Story-telling at Christmas

Everyone enjoys listening to a good story.  But the storyteller plays a crucial part in the experience, as much so as the narrative itself.  Added to the verbiage are the altering facial expressions, gestures of arms and hands, an occasional pacing back and forth, the quality of tone or feeling in the voice, ones’ posture or demeanor, and the particular mood changes, attitudes and innuendoes presented in the melodrama. 

Tales are often adventurous, but just as likely homespun, even placid. Humor is not essential to a great story, yet the inter-weaving of sundry complexities along with inflated jargon and spontaneous wit unites for a spicy saga indeed. One may anti-cipate a conclusion, but more probable it is that paradox, or surprise, or a twist of fate shall make its way into the epic.

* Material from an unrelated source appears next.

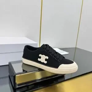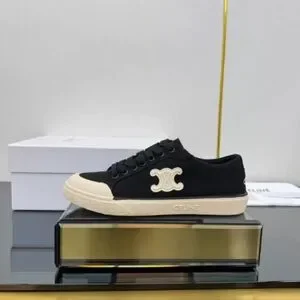 Stylish Celine sneakers with a black body. Cream logo accent on the side. Ideal for everyday style.

Typically, stories leave the listener lingering with a moral, or a pertinent, often subtle point.

Story-telling, as an art may not be as common as it was 2000 years ago!  How marvelous, indeed!  Was it true, or only fictional? And was it changed again and again in the retelling? Who knows?  But it’s a most touching story – one we anticipate hearing each year at Christmas-time.

      “That night some shepherds were in the fields outside 
        the village, guarding their flocks of sheep.  Suddenly
        an angel appeared among them, ‘I bring you the most
        joyful news ever announced, and it is for everyone!
        The Savior has been born tonight in Bethlehem!’

        They ran to the village and found their way to Mary 
        and Joseph.  And there was the baby, lying in the
        manger.  The shepherds told everyone what had
        happened.  All who heard the shepherds’ story
        expressed astonishment, but Mary quietly treasure
        these things in her heart and often thought about

It is within the humble heart that this story lives throughout the years.  You and I shall again remember the awakening of the inner Christ.  It is represented in the lighting of our candles; yes, it is the symbology that moves us emotionally to a newer, more heightened awareness … and a transformation happens.  The joy of Christmas is here.

Upon the approaching month of December, let us entice the indwelling, creative spirit through the art from of ‘story-telling’. Shall we not re-awaken to the Christmas message of spiritual awareness?  Join with me at this festive season each year . . . and tell me a story.